W takiej typowej nie ma co sprawdzać, bo są tylko "dwa" zaciski na przewody i poza tym nie ma żadnych miejsc, gdzie mogłoby dojść do przecieku ;) 

1 godzinę temu, eastnomad napisał(a):

U mnie ostatecznie będzie 50x30 i węższą częścią będzie przyklejony do dachu.

A nie mogłeś zamówić w necie, choć pewnie te 30mm spokojnie wystarczy do klejenia na takiej długości ;) 

27 minut temu, jacek00 napisał(a):

Śruby są na zewnątrz uszczelki.

No to plus :ok: 

27 minut temu, jacek00 napisał(a):

Dlaczego to miałoby mieć jakiekolwiek problemy ze szczelnością? To jest tak skonstruowane, że nie ma IMO szans. Nawet jak woda będzie podciekać, to przez rant się nie przedostanie, bo musiałaby iść 0.5 cm do góry :) 

A jak woda się dostanie i zamarznie?

Jacek - spoko, skoro uważasz, że ta przelotka jest OK, to pewnie tak jest. Ja jej nawet nie miałem w rękach ;) 

Sugeruję tylko, że tu masz kilka razy więcej potencjalnych źródeł przecieku i mimo możliwości odkręcenia to średnio mi się podoba takie obsługowe podejście. Ja przykleiłem przelotkę ze 6 lat temu i już nigdy tym tematem się nie zajmowałem (a może powinienem :look:).

31 minut temu, jacek00 napisał(a):

Ja u siebie miałem przelotkę na 2 kable, którą musiałem zrywać aby dodać przelotkę na 4 kable :)

A nie mogłeś dokleić drugiej przelotki na 2 kable? Wiem, że kolejna dziura :( 

PS. U mnie solar i przewody zakłócały odbiór fal radiowych i musiałem przewód antenowy puścić całkowicie inną drogą, więc nie wszystko da się "wepchnąć w jedną dziurę" :D

Odnośnik do komentarza
Udostępnij na innych stronach

9 minut temu, lbuster napisał(a):

W takiej typowej nie ma co sprawdzać, bo są tylko "dwa" zaciski na przewody i poza tym nie ma żadnych miejsc, gdzie mogłoby dojść do przecieku ;) 

W takiej typowej największym problemem jest sposób jej montażu i tu można popełnić najwięcej błędów, czego potem nie jesteśmy w stanie zweryfikować. Jak ją źle przykleimy to może raz, że odpaść, dwa że może przeciekać. 

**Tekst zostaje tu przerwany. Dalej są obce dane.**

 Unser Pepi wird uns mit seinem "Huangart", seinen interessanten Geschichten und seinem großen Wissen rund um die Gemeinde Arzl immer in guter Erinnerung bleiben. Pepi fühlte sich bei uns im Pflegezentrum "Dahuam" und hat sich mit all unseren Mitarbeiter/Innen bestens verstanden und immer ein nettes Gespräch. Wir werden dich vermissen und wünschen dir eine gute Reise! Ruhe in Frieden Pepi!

Drugim mankamentem typowych puszek jest to, że są one nie do końca odporne na UV, kruszeją i po kilku latach mogą popękać i przepuszczać wodę. Wtedy tylko wymiana, co znowu wiąże się z jej odrywaniem, czyszczeniem wszystkiego.

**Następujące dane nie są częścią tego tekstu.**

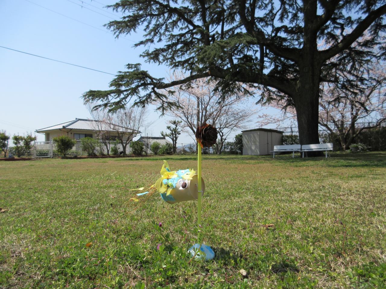 園庭のシダーローズや枝、藤の種など自然の材料で作ります

Ja w Adrii miałem klasyczną typową przelotkę. Dokładałem na dachu panel i ta przelotka okazała się problemem. Musiałem ją zrywać aby dać nową przelotkę na większą ilość dławić. Wtedy za radą forum wkleiłem właśnie zwykłą hermetyczną puszkę budowlaną z odpowiednim IP. Te typowe jak to nazywasz imo nie mają racji bytu :) Ta przelotka z CBE jest właśnie budową zbliżona do porządnych budowlanych niż typowych karawaningowych :)

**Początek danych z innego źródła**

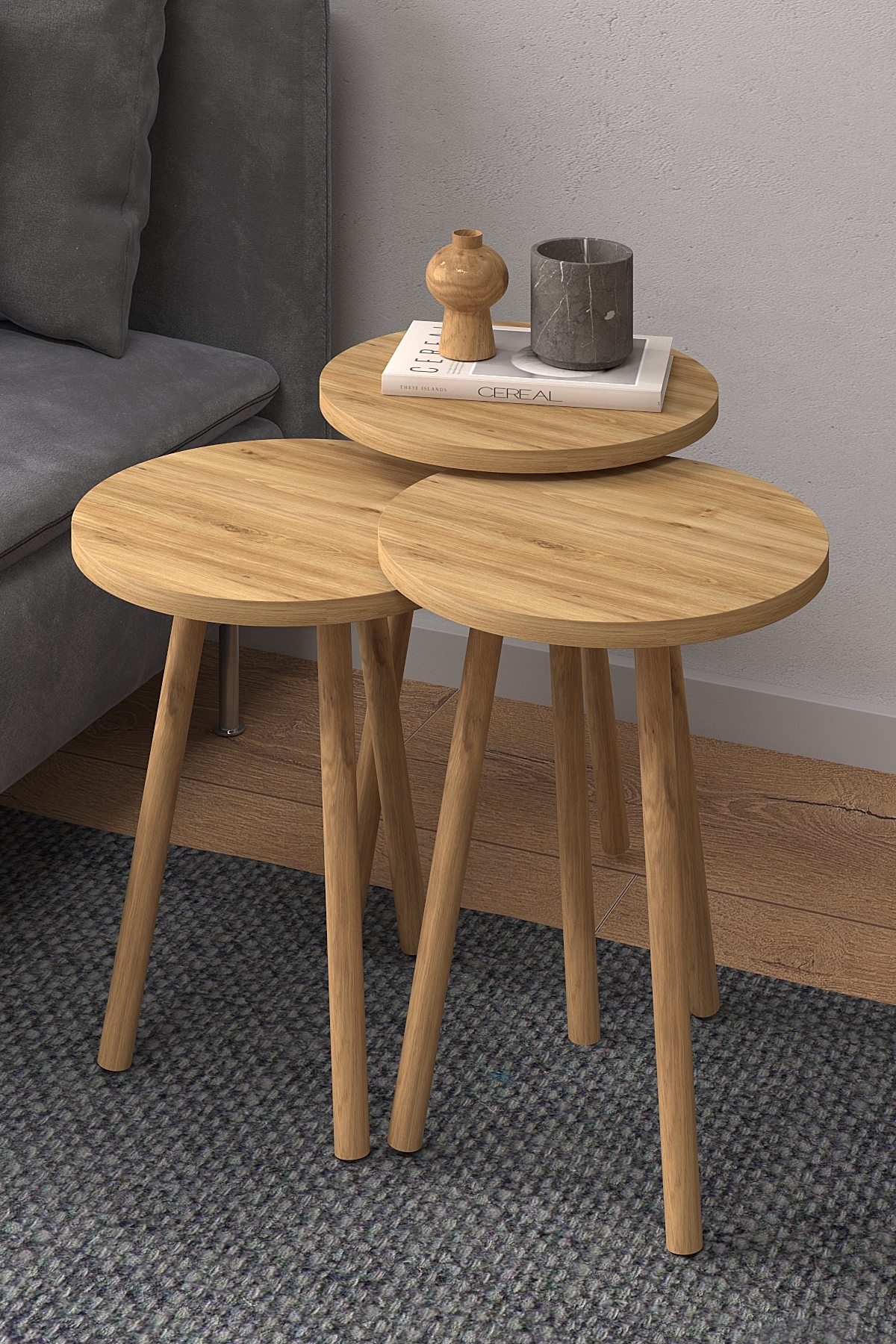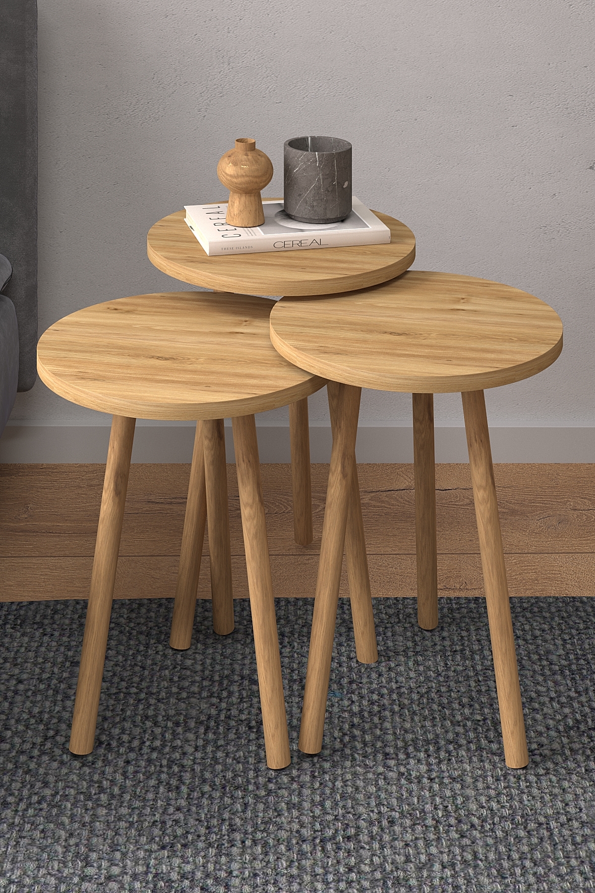 این مجموعه شامل سه میز با اندازههای مختلف است که میتوانند به صورت تکی یا به صورت گروهی در کنار یکدیگر قرار بگیرند. این ویژگی امکان انعطافپذیری در استفاده را فراهم میکند و به شما اجازه میدهد تا به سادگی با تغییر چینش، نمای جدیدی به محیط خود ببخشید. از این میزها میتوانید به عنوان میز قهوه، میز کنار مبل و حتی میز دکوری استفاده کنید.

9 minut temu, lbuster napisał(a):

A nie mogłeś dokleić drugiej przelotki na 2 kable? Wiem, że kolejna dziura :( 

To bym musiał robić kolejną dziurę obok. Szkoda dachu

Edytowane przez jacek00 (wyświetl historię edycji)
Odnośnik do komentarza
Udostępnij na innych stronach

8 minut temu, jacek00 napisał(a):

W takiej typowej największym problemem jest sposób jej montażu i tu można popełnić najwięcej błędów, czego potem nie jesteśmy w stanie zweryfikować. Jak ją źle przykleimy to może raz, że odpaść, dwa że może przeciekać.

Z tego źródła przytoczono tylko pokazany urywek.